From Ritual to Runway
Not long ago, Puja celebrations truly began on Shoshthi, the sixth day of the festival. The excitement was local and gradual, with artisans finishing the idols, families planning pandal routes, and children counting down to holidays.
Today, the buildup starts as early as Mahalaya. Pandal themes are teased like film trailers, sponsors roll out advertisements, and social media pages start their campaigns. The festival has absorbed the language of commerce, complete with pre-launches, brand tie-ins, and influencer engagement.
What was once about faith and community now behaves like a market.
When Culture Mirrors Inflation
In economics, inflation means rising prices and eroding value. In culture, it means a race for bigger, flashier, and costlier experiences. Each year, Puja budgets soar, themes become more elaborate, and the city spends more to feel the same sense of wonder.
This is a form of positional competition. If one committee builds a rotating pandal, the next one must create something even more elaborate to attract attention. Costs keep rising, but the emotional return often stays the same.
Thorstein Veblen might have called this conspicuous celebration. Spending becomes a signal of status, a way to display success rather than devotion. The festival turns into an economy of attention, where visibility, not reverence, is the measure of success.
Winners, Losers, and the New Marketplace
Behind the glitter is a complex value chain. Corporate sponsorships have replaced community donations as the main source of funding. Big-budget committees dominate headlines and attract crowds, while smaller neighborhood Pujas struggle to stay relevant.

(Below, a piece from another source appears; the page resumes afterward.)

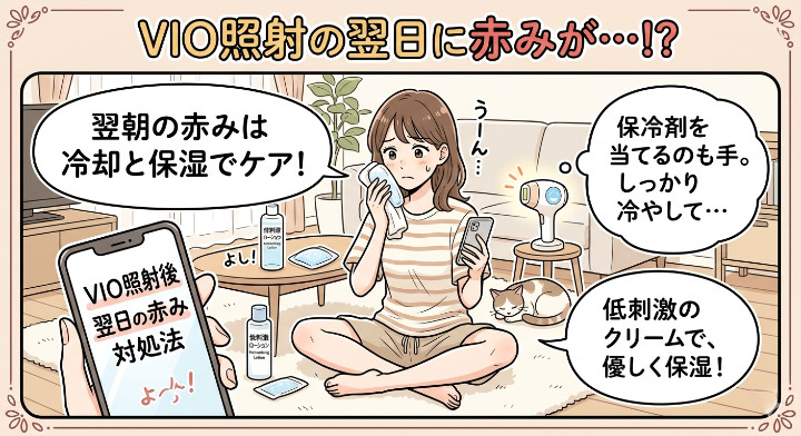VIO照射の翌日に赤みが出る原因、何日まで様子見していいか、赤い斑点や赤いぶつぶつの見分け方、今すぐやるべき対処法、次回以降に失敗しない家庭用脱毛器の選び方まで、最初から最後まで分かるように解説します。

The festival sustains thousands of livelihoods: idol-makers from Kumartuli, electricians, artisans, and decorators. Yet their earnings remain uncertain, even as total spending reaches new highs each year. Cultural inflation, much like economic inflation, widens inequality.
There is also an environmental cost. The scale of resource use, waste, and electricity consumption grows every year. The celebration gets louder, brighter, and less sustainable.
The Economics of Restraint
Growth without reflection is easy. Sustainable growth takes effort. Durga Puja’s economy could thrive more equitably if resources were shared, artisan wages made fairer, and creativity valued over spectacle.
The festival still unites Kolkata like nothing else. It still generates joy, work, and pride. But it also shows how even culture is not immune to the logic of markets. Cultural inflation reminds us that value, whether economic or emotional, cannot keep rising forever. At some point, meaning begins to cost too much.